Types of Games to Use Batteries

  • Not all Super Nintendo games featured batteries inside of the cartridge; this can be due to some games not being long enough to necessitate it or companies not willing to spend the extra money for the battery and going with a password system instead. However, there are some genres where, due to the length of the game, a battery was nearly always included. These include the role-playing game genre, with games like "Chrono Trigger" or "Final Fantasy III," as most RPGs are 20 to 30 hours long with many variables to keep track of. Some of the longer games in the platforming genre, such as "Super Metroid" and "Super Mario World," also use batteries. If you must create a save file at the beginning of the game, that's a good indication that the game uses a lithium battery to save your progress.

Testing the Cartridge

  • Testing a cartridge to see if the battery is non-functioning is very simple. Play through the game until you reach the first point you can save and turn the system off after saving. Power the system on and load the game. If your save is deleted, the lithium battery is depleted. Always make sure to test a cartridge if possible when you are purchasing Super Nintendo games.

Fixing the Battery

  • There are a few possible methods to fix your battery. One solution is to open the cartridge, remove the old CR2032 battery and solder a new battery onto the cartridge. However, even the slightest error can make your cartridge permanently unplayable. You can also use electric tape to hold the battery in place instead of soldering it in. However, the tape will eventually come unstuck, which means it is not a permanent solution. Finally, contact a repair shop if you have one in your area. Many independent, locally-owned video game stores offer repair services for a fee.

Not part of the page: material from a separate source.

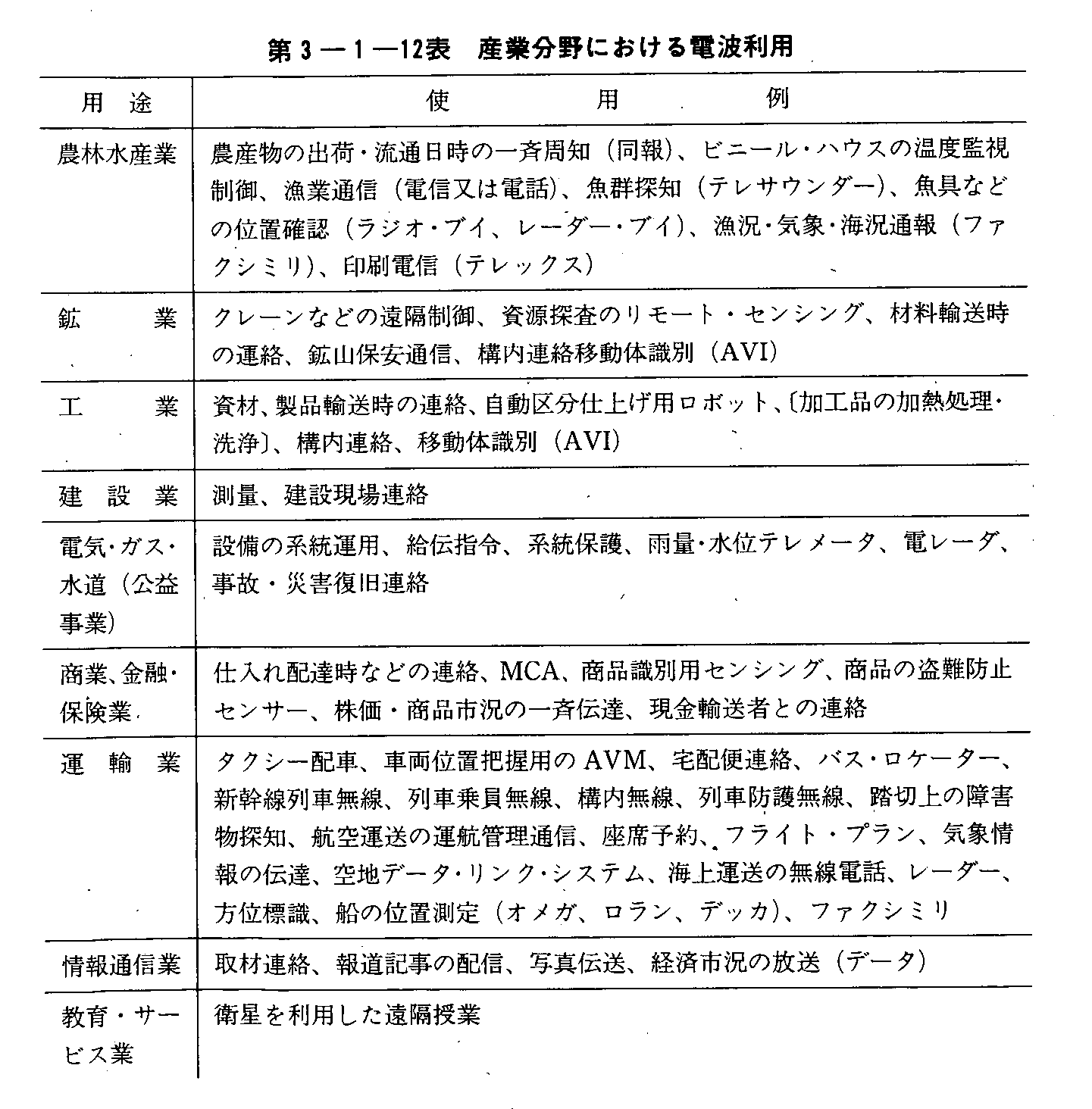 第3章 ゆとりと活力のある情報社会の形成と電波利用4 産業分野における電波利用産業分野における電波利用は、タクシー、宅配便等の旅客・貨物運送業における移動通信での利用が一般的に知られている。さらに無線通信が災害に強いことから、電気・ガス・水道などの公益事業においても、供給・運用状況の監視、指令、緊急時の連絡などに使われている。漁業、海運業においては、情報伝達の唯一の手段として、緊急時、遭難時の連絡に無線通信が不可欠であることは言うまでもない。また、通信以外の利用として、製造業においては計測、洗浄、加工、加熱等様々な用途に電波が利用されている(第3-1-12表参照)。さらに最近の動向としては、新聞業、流通業における衛星通信の利用や製造販売業におけるテレターミナルなどのデータ通信システムの利用も進められている。

Alternatives to Super Nintendo Cartridges

  • While some prefer to play Super Nintendo games on the original system with the original cartridges, alternatives do exist. Nintendo, along with other third parties such as SquareEnix and Capcom, make many of their Super Nintendo games available as digital downloads for the Wii. These games can be downloaded, played and saved directly to the Wii without the hassle of worrying about a lithium battery. Additionally, some companies make their back catalog available on other systems. Game Boy Advance users can play "Final Fantasy III," while PlayStation 3 users can play "Chrono Trigger."